In order to facilitate a better understanding of the present invention, the terms used herein will be briefly explained below:

Cache: the Cache memory stores the contents of the frequently accessed RAM locations and the storage addresses of the data items, and when the processor refers to an address in the memory, the Cache checks whether the address exists, if so, the data is returned to the processor, and if not, the normal memory access is performed.

Cache lateral consistency: each core of the multi-core/many-core processor may have a private Cache, and in the case of shared main memory, when the same memory area is modified, the consistency of shared data in the respective caches is guaranteed to be called Cache lateral consistency.

False sharing: when the independent variables are modified by multithreading, if the variables share the same Cache line, the consistency problem needs to be solved by different means when the variables are written back to the main memory, and the performance of the variables is affected.

The above embodiments are provided to illustrate the technical concept and features of the present invention and are intended to enable those skilled in the art to understand the content of the present invention and implement the same, and are not intended to limit the scope of the present invention.

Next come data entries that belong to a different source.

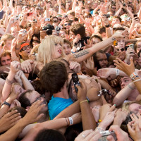 Lady Gaga surfs the crowd during Semi Precious Weapons’ performance on BMI’s Lollapalooza stage August 6 in Chicago. View Photo
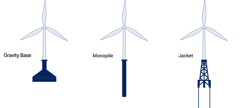 - Generally classified into three main types: gravity base, monopile, and jacket substructures
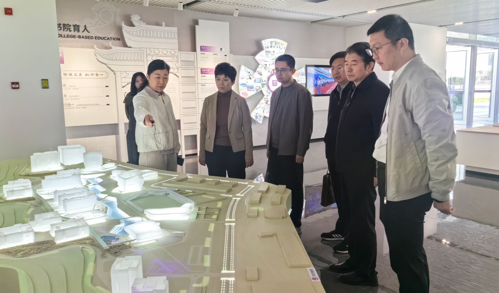 在深圳理工大學(xué),調(diào)研團(tuán)隊(duì)參觀了學(xué)校辦學(xué)歷史與發(fā)展成就展,重點(diǎn)參觀了袁庚書院,深入了解該校以書院制為載體的校園文化培育模式,并與深圳理工大學(xué)黨委副書記王慧以及相關(guān)部門負(fù)責(zé)人進(jìn)行了座談交流,結(jié)合本校辦學(xué)實(shí)際與發(fā)展特色,系統(tǒng)分享了在高校內(nèi)部治理領(lǐng)域的實(shí)踐探索與創(chuàng)新成果。

All equivalent changes or modifications made in accordance with the spirit of the present invention should be construed to be included in the scope of the present invention.

Claims

1. The implementation method of the many-core simplified Cache protocol without transverse consistency is characterized by comprising the following steps:

S4.3, writing the modified M back to the main memory, and exiting;

2. The method for implementing the many-core thin Cache protocol without transverse consistency according to claim 1, wherein the method comprises the following steps: in S1, if the state bit information of the Cache line is binary number of which each bit is all 0, all data in the Cache line are not updated; if the state bit information of the Cache line is a binary number with all 1 bits, all data in the Cache line is updated.